Why spend public money on capacity users don’t want?

Reflect for a moment what that means:  Today, as long as the trip is free, about 80,000 vehicles use the new multi-billion dollar tunnel.  When asked to pay less than 10 percent of what it cost to build the tunnel, something like a third to a half of all current users say “it’s not worth it to me.”  In effect, they’re saying, I’ll only use the tunnel if somebody else pays for it. And just for the record, that $2.25 tunnel toll is less than the $2.75 bus fare that King County Metro charges its bus and light rail riders.  That, in a nutshell, is the perverse value proposition that guides so much urban transportation investment in the US: we spend billions on highway capacity that is un- or under-priced, and that people only use because its heavily subsidized, and charge higher prices to those who use more socially and environmentally responsible options.

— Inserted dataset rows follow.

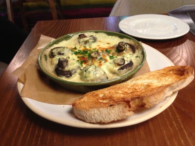 The mushroom driven dish is served in a creamy mascarpone, garlic and spinach sauce. A hunk of ciabatta sits on the side, soon to be demolished.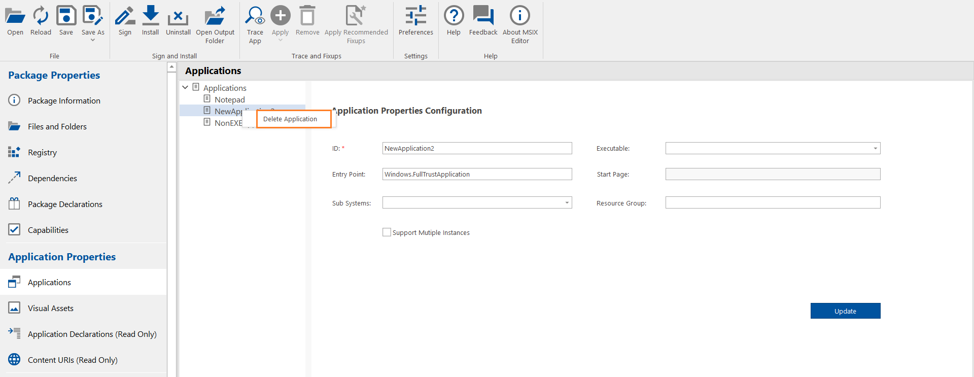 In the left pane, click on Applications under Application Properties. The Applications page opens.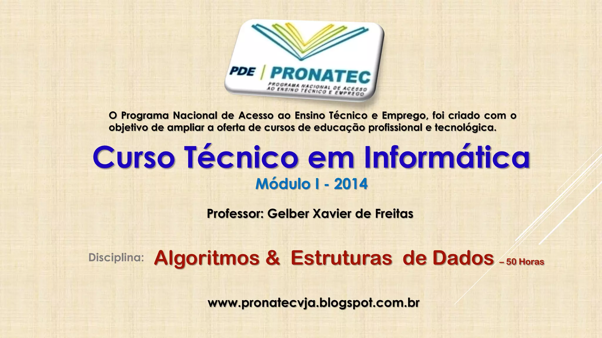 Este documento apresenta um módulo sobre algoritmos e estruturas de dados para um curso técnico em informática. O módulo inclui tópicos como história dos computadores, lógica de programação, algoritmos, estruturas de dados básicas como vetores e matrizes, e desenvolvimento de programação em linguagem de alto nível.
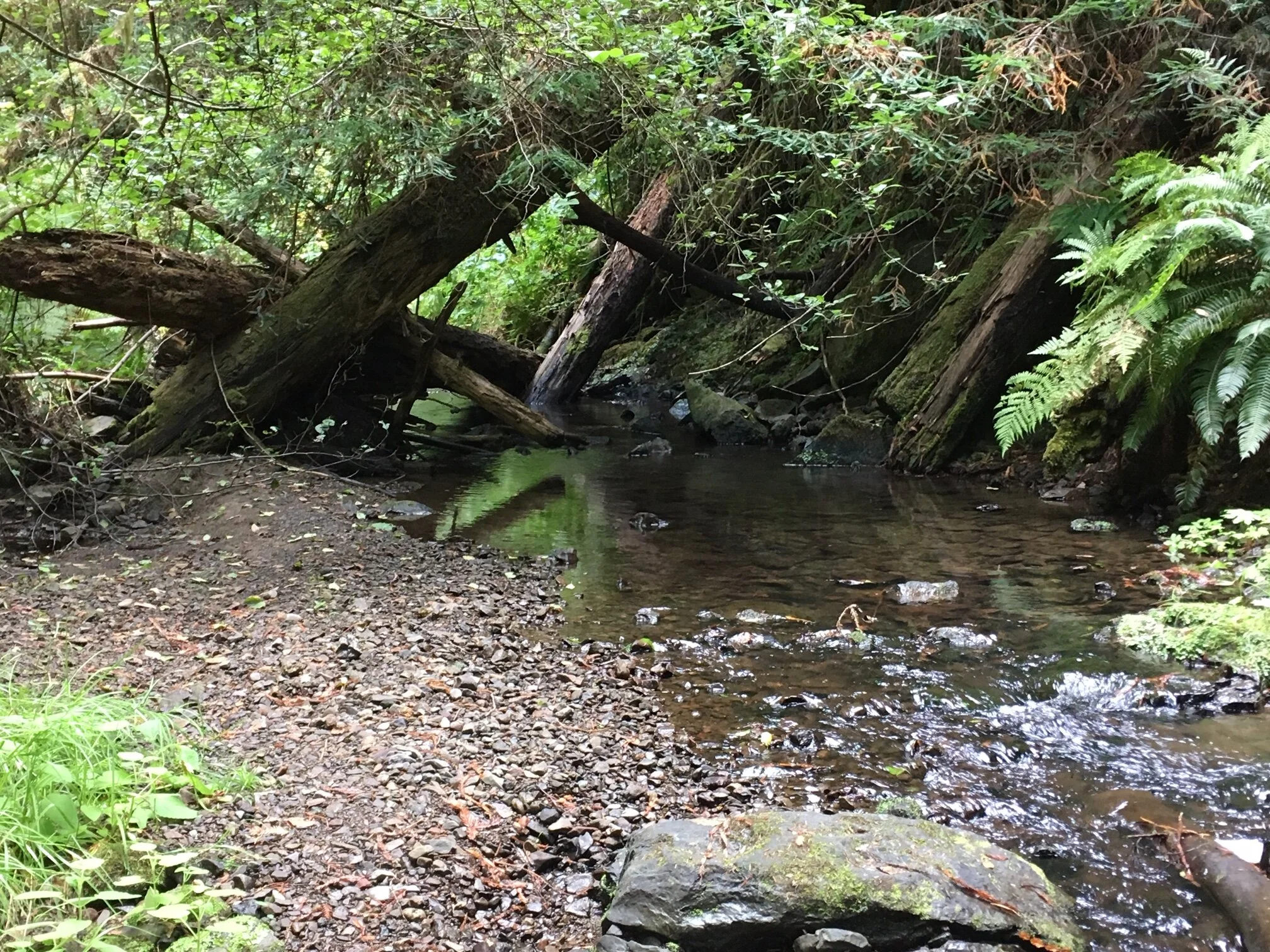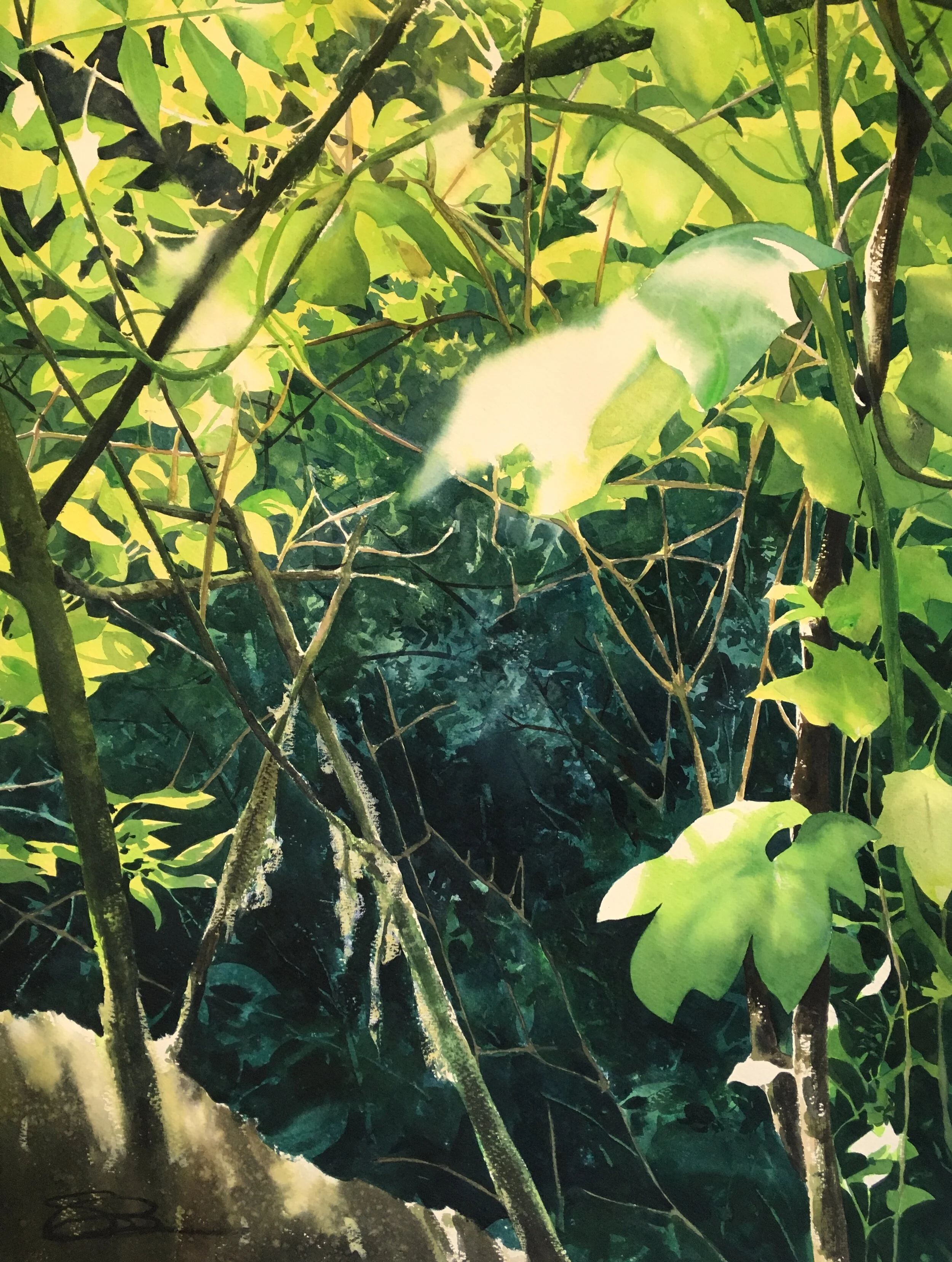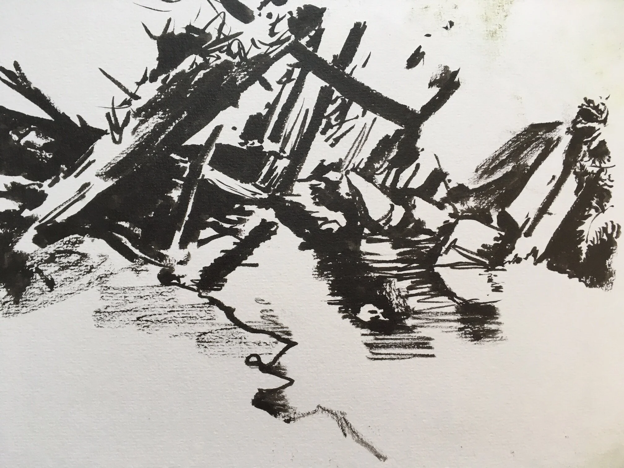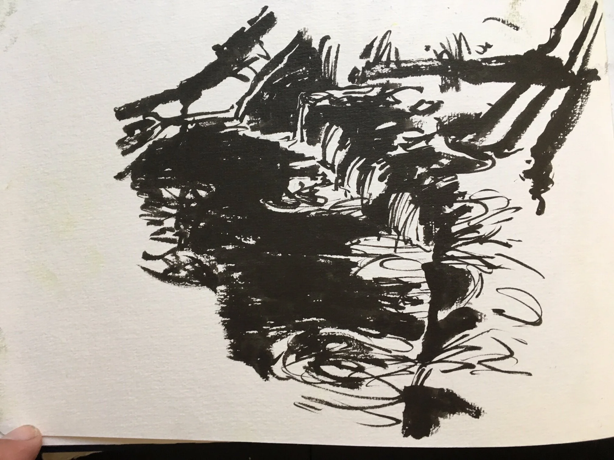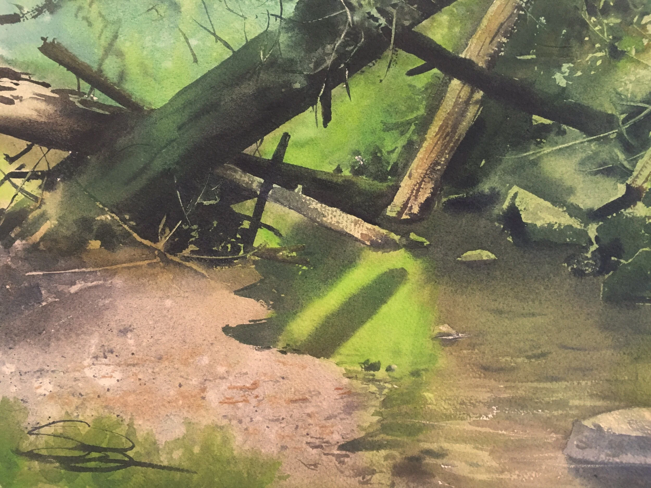 For this piece, I was very intrigued by the tangle of shapes in the logjam. I also knew that each log needed to separate itself in some way, so it could be tracked across the image, if it was going to be legible. This was a big push with the notan— how to reduce things, remove things, and by doing so choose what is essential. Note how much foliage and how many stones in the stream I removed. They’re both still there, but the story is about the logjam.

For the record, the same thing has happened elsewhere when highway users are asked to pay even a modest fraction of the cost of adding road capacity. As we’ve documented, in Louisville, Kentucky, tolls of just $1 each way for a new interstate bridge reduced traffic by almost 40 percent.

The big concern in Seattle again is that the cars that avoid the tolls will clog up other streets. Heather Marx of the city’s transportation department told local television station KOMO:

“During the peak time, there’s nowhere really to go, but we do expect to see more traffic on downtown streets”

But as the miracle on 14th Street in Manhattan, and Seattle’s own experience earlier this year shows is that traffic isn’t so much diverted as it is reduced.

Maybe we should think of highways and major arterials in cities as causes of traffic rather than their solution.  What an urban freeway does, in effect, is point a firehose of car traffic at a city street system. When we reduce the flow of traffic on the freeways in and near cities, we reduce the number of cars traveling to and on city streets.

One other point:  We’re often told that we can’t do anything to reduce car traffic until we dramatically beef up alternative ways of getting around, especially transit. But the lesson here is that car traffic can change quickly, and that reducing car traffic is the fastest and most effective way to improve transit service. Getting cars out of the way makes buses move faster, making them more attractive, and reducing their cost (drivers is more productive, and move more people, more miles if the bus can go faster). No transportation policy is more equitable than one that gets buses moving faster.